* **To do**
Extract exactly and only the lines from the one containing "Sedí chlápek v" through the end of the entries below. Pictures should not appear in the copy.
──────── Extracted records ────────
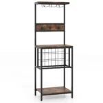 Virtuvės lentyna 54x37x156cm, rudos ir juodos spalvos, yra funkcionali saugojimo priemonė, skirta papildomai vietai virtuvės reikmenims ir vyno buteliams organizuoti. Ši lentyna pasižymi universalumu ir tvirta konstrukcija, idealiai tinkančia tiek namų barui, tiek virtuvės erdvės tvarkai palaikyti.
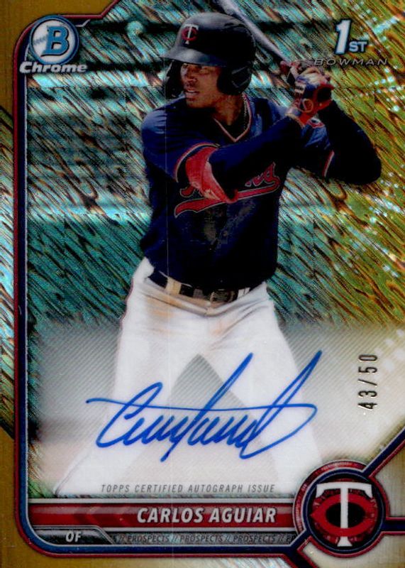 2022 Bowman Chrome 1st Carlos Aguiar Gold Shimmer Refractor AUTO 30/50 Twins
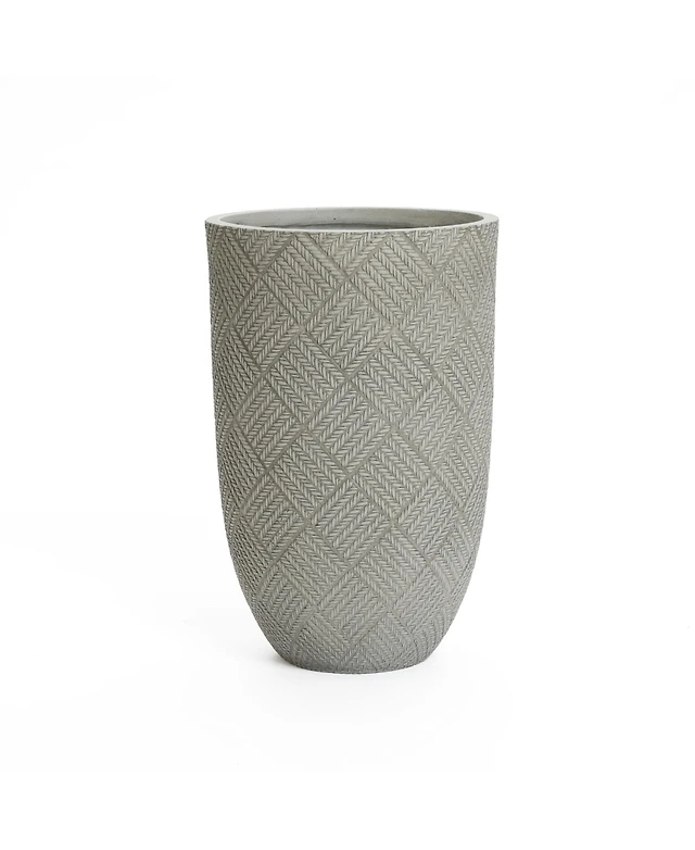 LuxenHome Gray Glen Pattern 16.7-Inch Tall MgO Urn Planter, Indoor and Outdoor
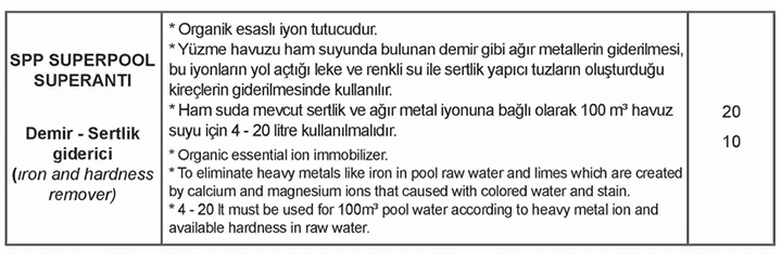Ana Sayfa » Ürünler » Havuz Kimyasalları » Demir Sertlik Giderici » Spp Superpool Superanti Demir Sertlik Giderici
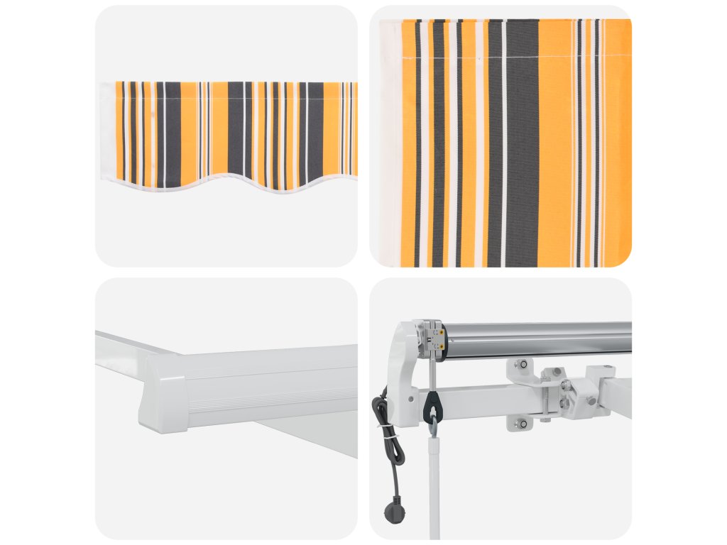 - Kvalitní tkanina: Vyrobena ze 100% polyesterového plátna, markýza je vysoce odolná a vydrží všechny povětrnostní vlivy. Tkanina zaručuje pohodlný stín i za slunečného počasí a svým výkonem je ideální pro časté používání v létě.
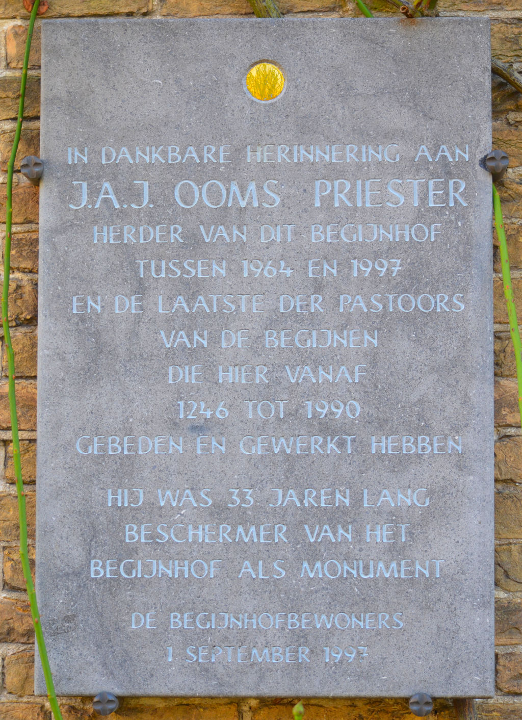 Omschrijving: gedenksteen J. Ooms begijnhof
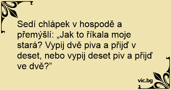 Sedí chlápek v hospodě a přemýšlí: „Jak to říkala moje stará? Vypij dvě piva a přijď v deset, nebo vypij deset piv a přijď ve dvě?”
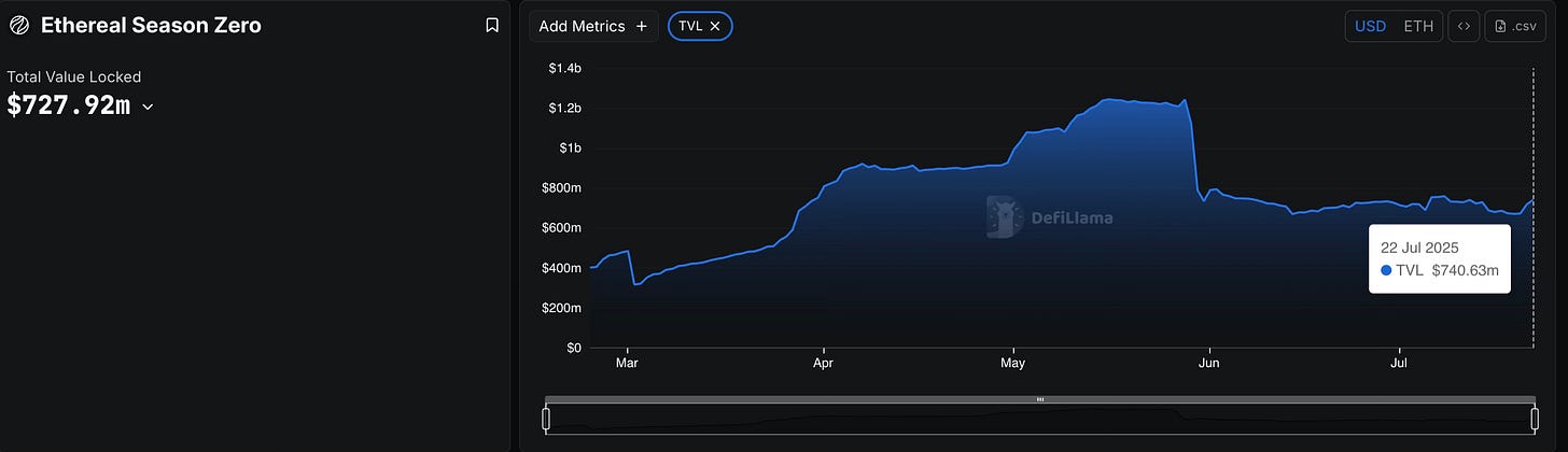 Ethereal already has over $740M in TVL (down from $1.25B), which is huge for a project that hasn’t launched yet.
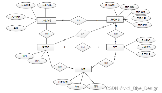 下面是整个民宿管理系统中主要的数据库表总E-R实体关系图。
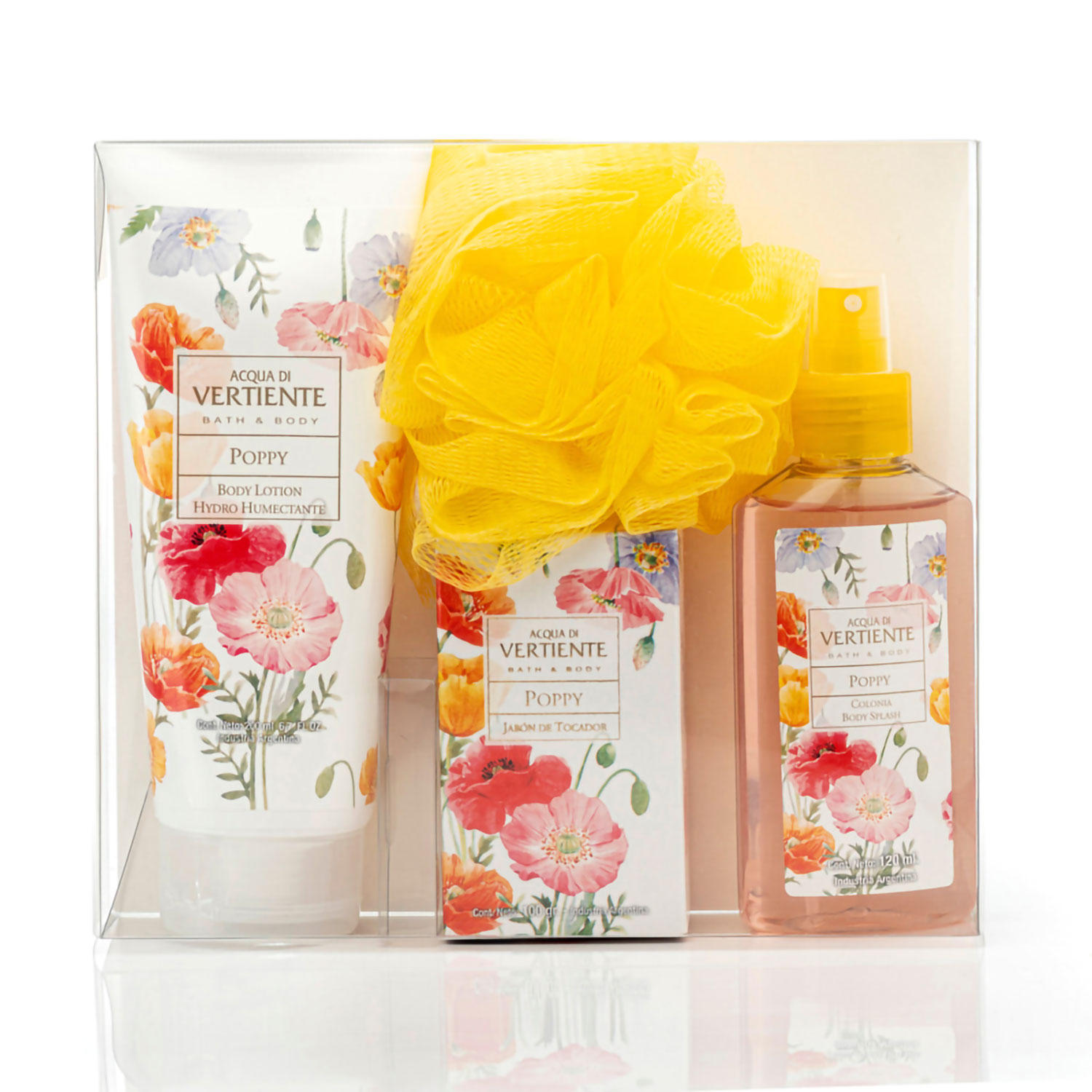 Set Body Lotion + Body Splash + Jabon + Esponja Acqua Di Vertiente Bath And Body Poppy X 1 U
────────
* **Answer section**
 Sedí chlápek v hospodě a přemýšlí: „Jak to říkala moje stará? Vypij dvě piva a přijď v deset, nebo vypij deset piv a přijď ve dvě?”
 Ethereal already has over $740M in TVL (down from $1.25B), which is huge for a project that hasn’t launched yet.
 下面是整个民宿管理系统中主要的数据库表总E-R实体关系图。
 Set Body Lotion + Body Splash + Jabon + Esponja Acqua Di Vertiente Bath And Body Poppy X 1 U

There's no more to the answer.